Study of axial double layer in helicon plasma by optical emission spectroscopy and simple probe

Gao ZHAO (赵高)1, Wanying ZHU (朱婉莹)1, Huihui WANG (王慧慧)1, Qiang CHEN (陈强)2, Chang TAN (谭畅)3 and Jiting OUYANG (欧阳吉庭)1,4   

  

  1. 1 School of Physics, Beijing Institute of Technology, Beijing 100081, People’s Republic of China
    2 Laboratory of Plasma Physics & Materials, Beijing Institute of Graphic Communication, Beijing 102600, People’s Republic of China
    3 Shanxi Key Laboratory of Plasma Physics and Applied Technology, Xi’an Aerospace Propulsion Institute, Xi’an 710100, People’s Republic of China  
  • Received:2017-10-20 Published:2018-03-07
  • Supported by:

    This study is supported by National Natural Science Foundation of China (No. 11475131).

Abstract:

In this work we used a passive measurement method based on a high-impedance electrostatic probe and an optical emission spectroscope (OES) to investigate the characteristics of the double layer (DL) in an argon helicon plasma.
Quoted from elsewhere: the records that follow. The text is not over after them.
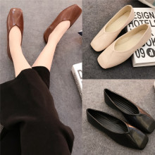春季新款复古平底软底芭蕾鞋船鞋韩版浅口方头女鞋松紧带舒适单鞋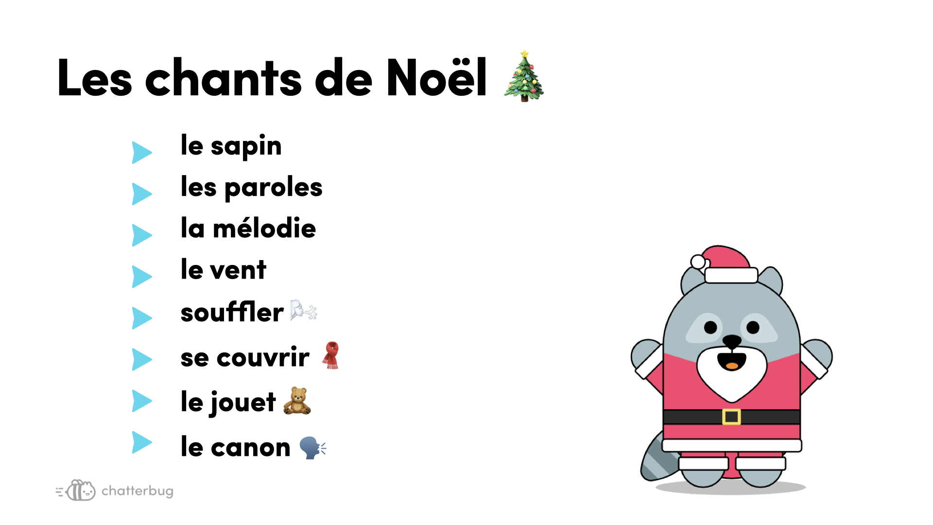 - "Mon beau sapin" ("O Tannenbaum") : "Mon beau sapin 🌲, roi 👑 des forêts, que j’aime ta verdure 🟢!" -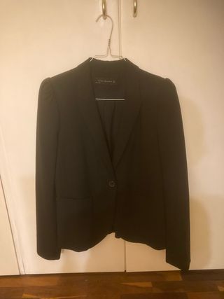 Americana de la marca Zara en color negro. Medidas 44 por 61 lleva coderas muy bonita - Diseño clásico y elegante. - Cierre de un botón. - Bolsillos frontales. - Forro interior.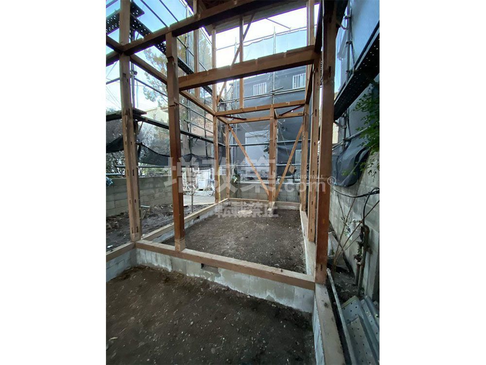 既存の間柱までは解体し、既存の基礎と木構造体のみの躯体残しの状態となりました。
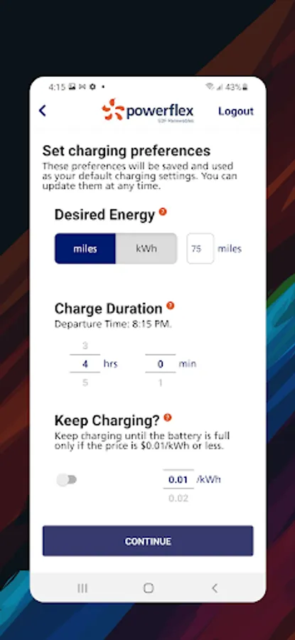 The PowerFlex app enables you to specify your EV energy demand at PowerFlex Adaptive Charging Stations. Use the app to remotely monitor your charging status as well and update your energy demand at any time should your plans change.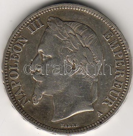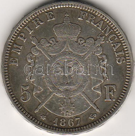 Franciaország 1867A 5Fr ezüst T:3/4 https://www.darabanth.com/hu/15-Gyorsarveres/15.0/Numizmatika/Numizmatika-Bankjegyek~89/Franciaorszag-1867A-5Fr-ezust-T34~II25075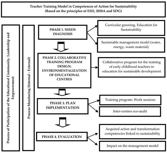 This paper highlights the strengths of a model of curricular innovation and teacher training aimed at the training of teachers in various early childhood educational centres. Two teams of teachers (university academics and early childhood education teachers) work throughout an entire academic year from a collaborative action-research methodological framework. Throughout this study, we describe the phases of the model focussed on professional teacher training and its validation process. The acquisition of action competencies in the sustainable management and leadership of the centre, curricular greening, and action-research is evaluated. Early childhood education teachers from across a network of institutions audit the environmental dimensions of their centres, adopt sustainable measures, and consolidate an understanding of their strengths and weaknesses. The work is enriched by the participation of teachers from different centres in this training experience, particularly those interested in incorporating Education for Sustainability (EfS) as an activity of curricular innovation and for the environmental management of their schools.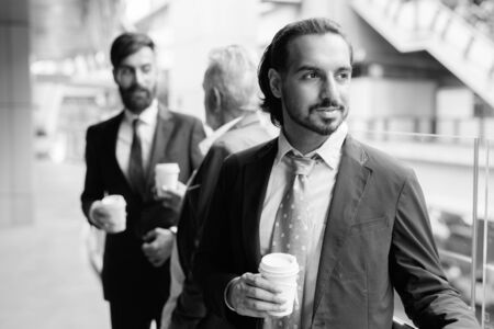 Multi ethnic bearded businessmen together around the city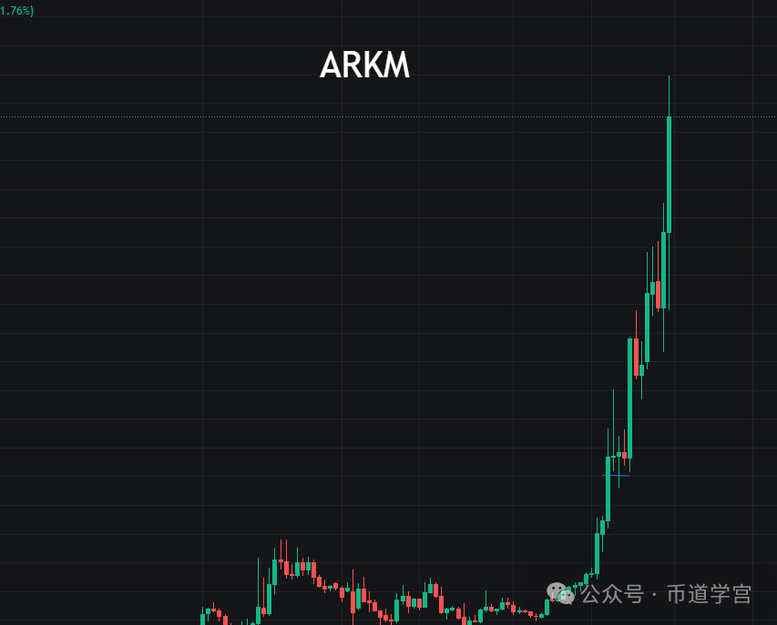 人工智能上arkm的走势才是老大,其他的币种反而都成为陪衬了,火箭式蹿升,这才是龙头中的龙头,就是震荡幅度有点大,心态不好的不要看。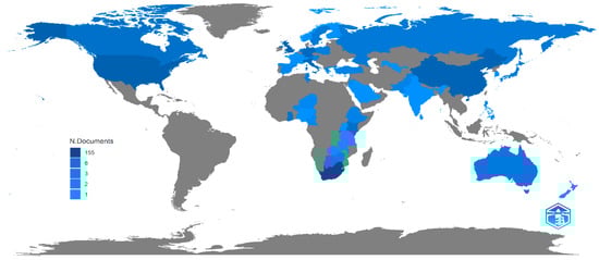 Global spatial distribution of LWE and SFS scientific production (generated using the R-bibliometrix tool developed by Aria and Cuccurullo []) (http://127.0.01:6225/#shiny-tab-collabWorldMap, accessed on 10 August 2023).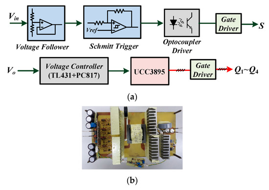 Prototype circuit (a) control block of the signals S and Q1~Q4 (b) picture of the prototype.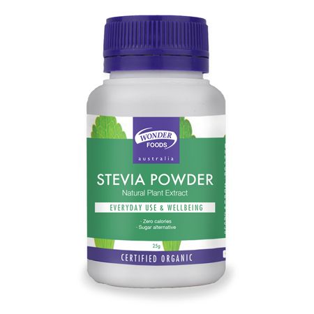 If you have a sweet-tooth and are passionate about your health, add this organic Stevia powder for a low-calorie natural sweetener. Wonderfoods stevia is a water based extract from organic stevia and is a natural alternative to sugar, is chemical free with no added nasties! Stevia (Steviol Glycosides) is derived from the leaves of the stevia Rebaudiana plant, making this all natural supplement a great healthy choice. It is naturally very sweet and considered 100 to 300 times sweeter than sugar, contains not calories and does not produce a glycaemic response like sugar does, making it an excellent choice for those limiting their sugar intake.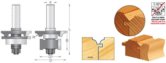This pattern is a 1/4″ bead (#55330), a 45° ‘V’ (#55320) is also available individually or as a set (#55325).Each assembly comprises a profile cutter, a rabbet cutter and a groovecutter, two different-size bearings, a 1/2″ shank arbor, a selection ofwashers, shims and spacers.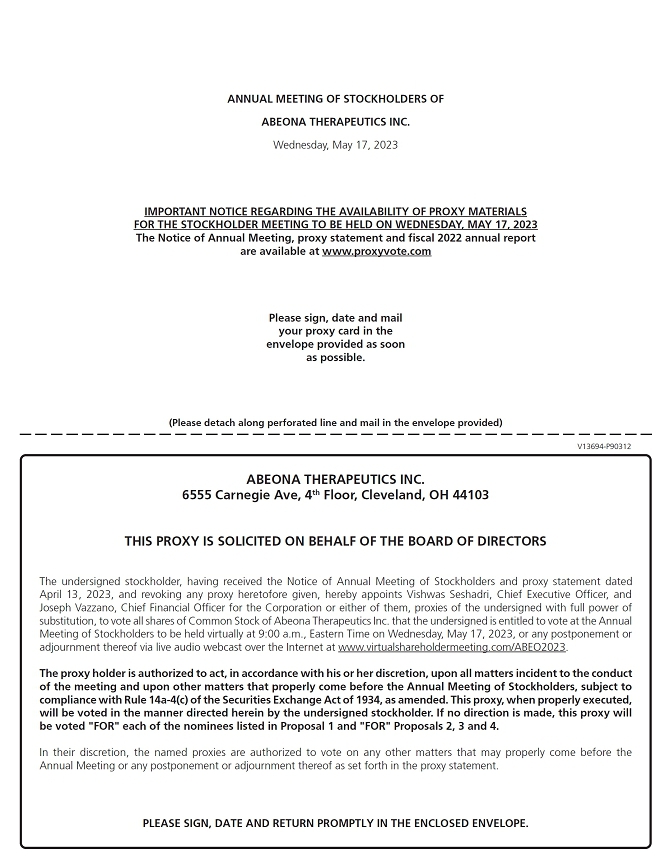 You are cordially invited to attend the Annual Meeting of Stockholders (the “Annual Meeting”) of Abeona Therapeutics Inc. (the “Company”) to be held virtually on Wednesday, May 17, 2023 at 9:00 a.m., Eastern Time. Our Annual Meeting will be held in a virtual format only. You will be able to attend the Annual Meeting, vote and submit your questions during the Annual Meeting via a live webcast through the link www.virtualshareholdermeeting.com/ABEO2023.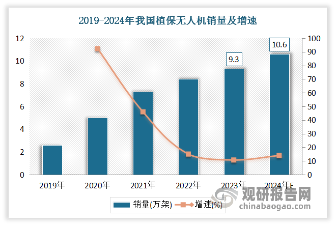 近年跟着科技的飞速成长,植保无人机正成为农业范畴的抢手话题。做为现代农业手艺的新兴代表,植保无人机凭仗其经济、环保等劣势,逐步获得了泛博农人伴侣和农业企业的承认。2023年我国植保无人机销量达9。3万架,较上年同比增加10。71%。估计2024年我国植保无人机销量达10。6万架,较上年同比增加13。98%。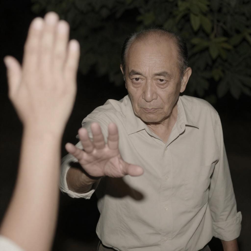 Photograph of an elderly Asian man with a bald head, sitting in a dimly lit industrial warehouse. He wears a dark jacket and gestures with both hands. Background includes a large column, hanging fabric, and two people in the distance, illuminated by bright light and smoke. Warm orange light on the right, cool blue light on the left.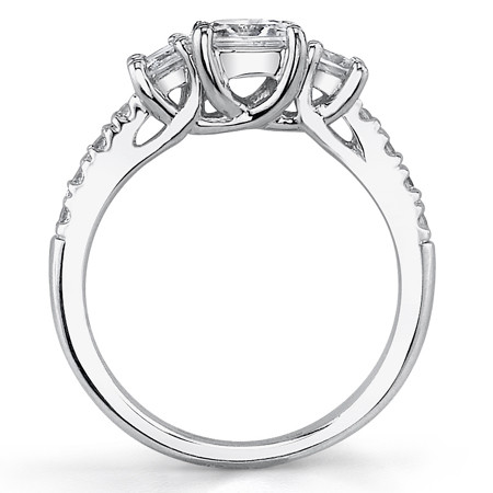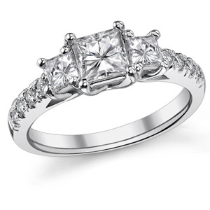 This beautiful Square Moissanite three stone engagement ring features a simple yet elegant design, a 0.8ct/5.0mm princess cut Moissanite center stone, two .30ct/3.5mm princess cut Moissanite side stones. It is available in 14k white gold, 14k yellow gold, 14k 2-tone gold (14k yellow gold band, 14k white gold prongs)and platinum. Available in 18k white, yellow, and 2-tone gold for special order.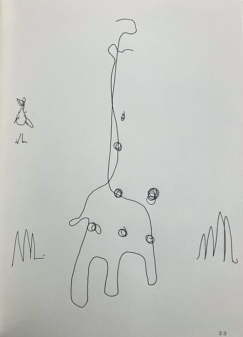 With the page of colorful circles above, I used the lined paper simply because it was the next page in the book. I like it even more than if the paper had been blank.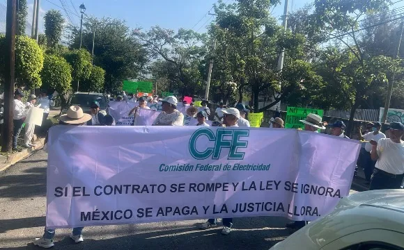 Oaxaca, Oax.- Integrantes del Sindicato Único de Trabajadores Electricistas de la República Mexicana (SUTERM) iniciaron una marcha en la Ciudad de Oaxaca, tras protestar en las instalaciones de la Comisión Federal de Electricidad (CFE), ubicadas en la Avenida San Felipe.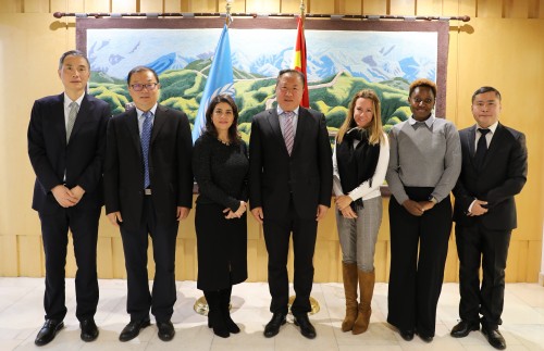 当地时间11月27日,中国常驻联合国粮农机构代表、大使广德福应约会见了世界粮食计划署(以下简称“WFP”)校餐司司长卡门·布尔巴诺一行。

The DL can be confirmed by a rapid change in the plasma potential along the axis. The axial potential variation of the passive measurement shows that the DL forms near a region of strong magnetic field gradient when the plasma is operated in wave-coupled mode, and the DL strength increases at higher powers in this experiment. The emission intensity of the argon atom line, which is strongly dependent on the metastable atom concentration, shows a similar spatial distribution to the plasma potential along the axis. The emission intensity of the argon atom line and the argon ion line in the DL suggests the existence of an energetic electron population upstream of the DL. The electron density upstream is much higher than that downstream, which is mainly caused by these energetic electrons.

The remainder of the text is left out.